WHAT THE TASK REQUIRES
Would you retype the whole listing exactly, leaving its pictures out?

======== SUPPLIED INFORMATION

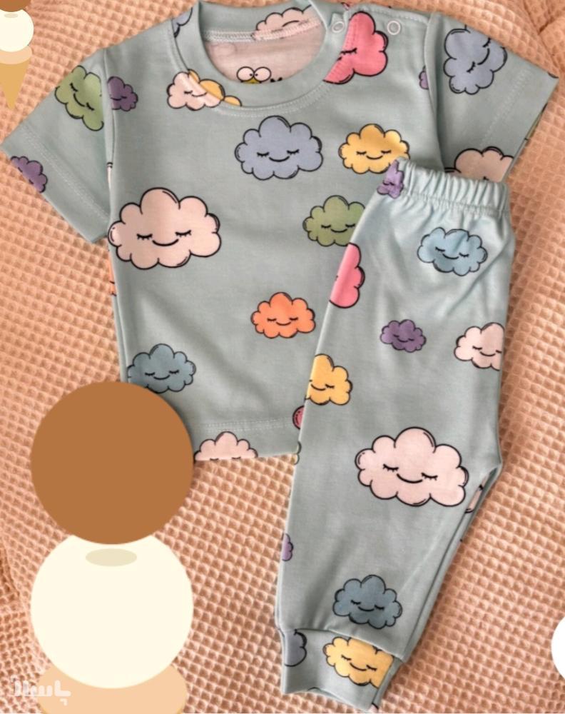 ست تیشرت شلوار نوزادی طرح ابر خوشحال
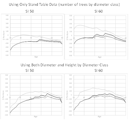 Figure 3 Dollars per acre (Soil Expectation Value) projections for a planting density of 750 seedlings per acre on site index 50 and 60 sites (base age 25) using published stand table data (diameters only –UPPER) AND stand table data (diameters) and associated heights (LOWER) from Smalley and Bailey14 of 10 year old plantations for calibration. Site index 50 on the left and site index 60 on the right. The gray line is when there are strong pulpwood markets ($20/ton), the black line is when there are strong chip–n–saw markets ($29/ton), the gray bold line is when there are strong sawlog markets ($40/ton), and the black bold line are the current stumpage revenues ($10/ton for pulpwood, $19/ton for chip–n–saw, and $25/ton for saw logs). The bold gray and bold black lines basically coincide with each other.
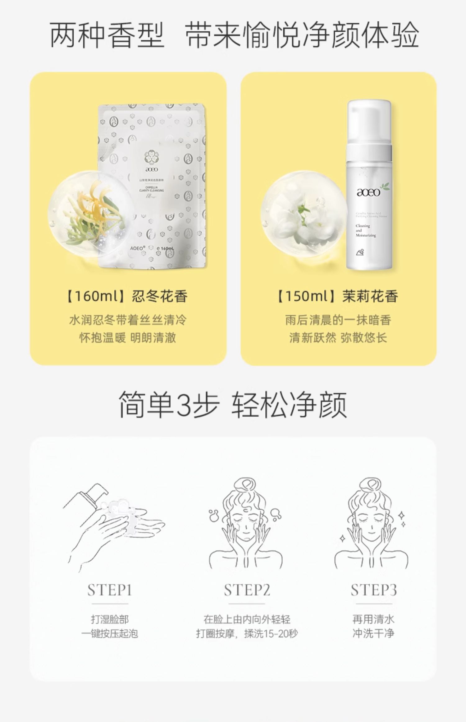 商品名称:【立即抢购】AOEO山茶花洁面慕斯氨基酸表活温和清洁水润敏感肌

================

RESPONSE FOR THIS EXERCISE
 ست تیشرت شلوار نوزادی طرح ابر خوشحال
 Figure 3 Dollars per acre (Soil Expectation Value) projections for a planting density of 750 seedlings per acre on site index 50 and 60 sites (base age 25) using published stand table data (diameters only –UPPER) AND stand table data (diameters) and associated heights (LOWER) from Smalley and Bailey14 of 10 year old plantations for calibration. Site index 50 on the left and site index 60 on the right. The gray line is when there are strong pulpwood markets ($20/ton), the black line is when there are strong chip–n–saw markets ($29/ton), the gray bold line is when there are strong sawlog markets ($40/ton), and the black bold line are the current stumpage revenues ($10/ton for pulpwood, $19/ton for chip–n–saw, and $25/ton for saw logs). The bold gray and bold black lines basically coincide with each other.
 商品名称:【立即抢购】AOEO山茶花洁面慕斯氨基酸表活温和清洁水润敏感肌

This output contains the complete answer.